2025-08-06 13:18:56,964 - INFO - Loaded data from data/processed/PFA_custodial_sentences_by_offence_2024_FINAL.csv


2025-08-06 13:18:56,972 - INFO - Creating filter for highlighted offence groups...
2025-08-06 13:18:56,996 - INFO - Adding chart annotations...
2025-08-06 13:18:57,006 - INFO - Setting source annotation...
2025-08-06 13:18:57,009 - INFO - Annotations added successfully.


In [None]:
custody_offences.test_chart(pfa='Northamptonshire')

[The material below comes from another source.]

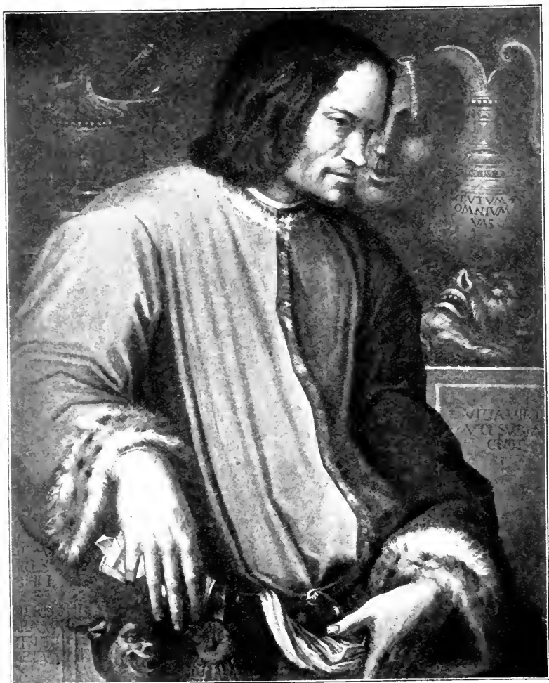
LORENZO DE MEDICI

2025-08-06 13:44:36,290 - INFO - Loaded data from data/processed/PFA_custodial_sentences_by_offence_2024_FINAL.csv


2025-08-06 13:44:36,305 - INFO - Creating filter for highlighted offence groups...
2025-08-06 13:44:36,334 - INFO - Adding chart annotations...
2025-08-06 13:44:36,341 - INFO - Setting source annotation...
2025-08-06 13:44:36,343 - INFO - Annotations added successfully.
2025-08-06 13:44:36,344 - INFO - Saving chart...
2025-08-06 13:44:39,295 - INFO - Figure saved to reports/figures/custody_offences/Northamptonshire.pdf


In [102]:
test_chart = custody_offences.test_chart()
test_chart

2025-08-06 13:16:03,942 - INFO - Loaded data from data/processed/PFA_custodial_sentences_by_offence_2024_FINAL.csv
2025-08-06 13:16:03,947 - INFO - Creating filter for highlighted offence groups...


2025-08-06 13:16:03,968 - INFO - Adding chart annotations...
2025-08-06 13:16:03,975 - INFO - Setting source annotation...
2025-08-06 13:16:03,977 - INFO - Annotations added successfully.